How often do you go to the theater to see a movie?


----------



## gcutler (Mar 23, 2002)

A local movie theatre used to have Saturday 10am showings and I used to go all the time as there were never more than 3-4 people in the theatre (it was great) But of course they were losing money so after about 2 years they stopped that 

But now it is the noisy crowds make we just want to wait for DVD.


----------



## Steve Mehs (Mar 21, 2002)

I can't say never, so less then once a year.

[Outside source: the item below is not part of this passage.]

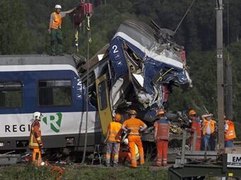 El portavoz de la Policía Cantonal de Vaud, Jean-Christophe Sauterel, dijo en una conferencia de prensa que "la falta de respeto de una señalización luminosa es la hipótesis privilegiada" sobre el motivo del accidente. "El fiscal espera el resultado de los exámenes que harán los expertos (...), pero ésa es la tesis que estamos privilegiando", indicó. Los trenes que colisionaron de manera frontal en la localidad suiza de Granges-près-Marnand (cantón de Vaud) transportaban a 45 personas, de las que 40 eran pasajeros y que sufrieron heridas de diversa consideración. La única víctima mortal fue uno de los maquinistas, cuyos restos pudieron ser recuperados esta madrugada de la cabina de conducción, que quedó completamente aplastada. "La longitud original de la cabina quedó reducida de ocho metros", explicó Sauterel. La deformación ha sido tal que no puede descartarse que haya restos de alguna otra víctima en el interior de esa parte del vagón, que está siendo conducido a un depósito de la compañía de trenes de Suiza para excluir la presencia de otros cuerpos mediante "una operación extremadamente delicada". "En estos momento, no podemos excluir que haya algún pasajero atrapado", agregó el portavoz. Entre los heridos más graves, sólo tres permanecen hoy hospitalizados, mientras que los otros 22 hospitalizados han sido dados de alta. Otros nueve pasajeros con heridas leves fueron atendidos en el lugar del accidente, mientras que once resultaron indemnes.

I went to an Imax once and a drive in once.
Movies I saw at a regular theater were
-Men In Black
-Homeward Bound 2 (lame!)
-Home Alone
-Jurassic Park
-The Bear


----------



## Chris Blount (Jun 22, 2001)

I voted 5 to 6 times a year. Most of my movie going is usually done during the summer. Before venturing out I usually decide how badly I want to see the movie. Most of the time I wait for DVD since my home theater can deliver the same or better sound and picture experience than any movie theater (except for IMAX).


----------



## cnsf (Jun 6, 2002)

We used to go to matinees almost every week......

Then, we had kids......


----------



## DarrellP (Apr 24, 2002)

Rarely. Everytime I go something happens; One night the movie started 15 minutes late & we had to leave to pick up our daughter so we missed the last 10 minutes of "Don't Say a Word". Then we go to take our daughter (6 yrs old) to see "The Rookie" and it is sold out! Talk about heartbreak. How do you explain to a 6 year old that we can't see the movie till next Saturday because too many people bought tickets? That's when I discovered Fandango.com.

With my home theater setup I don't miss the movies at all. At least I can eat my own popcorn with real butter on it and pause the movie to pee when I want and not listen to people talking or cell phones ringing or worry about an out-of-focus picture or the volume being to low or too high or not being shown in DTS when it is advertised as such.


----------



## Unthinkable (Sep 13, 2002)

> _Originally posted by DarrellP _
> *Rarely. Everytime I go something happens; One night the movie started 15 minutes late & we had to leave to pick up our daughter so we missed the last 10 minutes of "Don't Say a Word". *


I will forever be haunted by Brittany Murphy's "I'll never tell" can't-get-it-out-of- my-head like a bad pop song line. If I live to be 90 years of age I will still laugh at that one and always remember her for that single throwaway line no matter what she goes on to do!


----------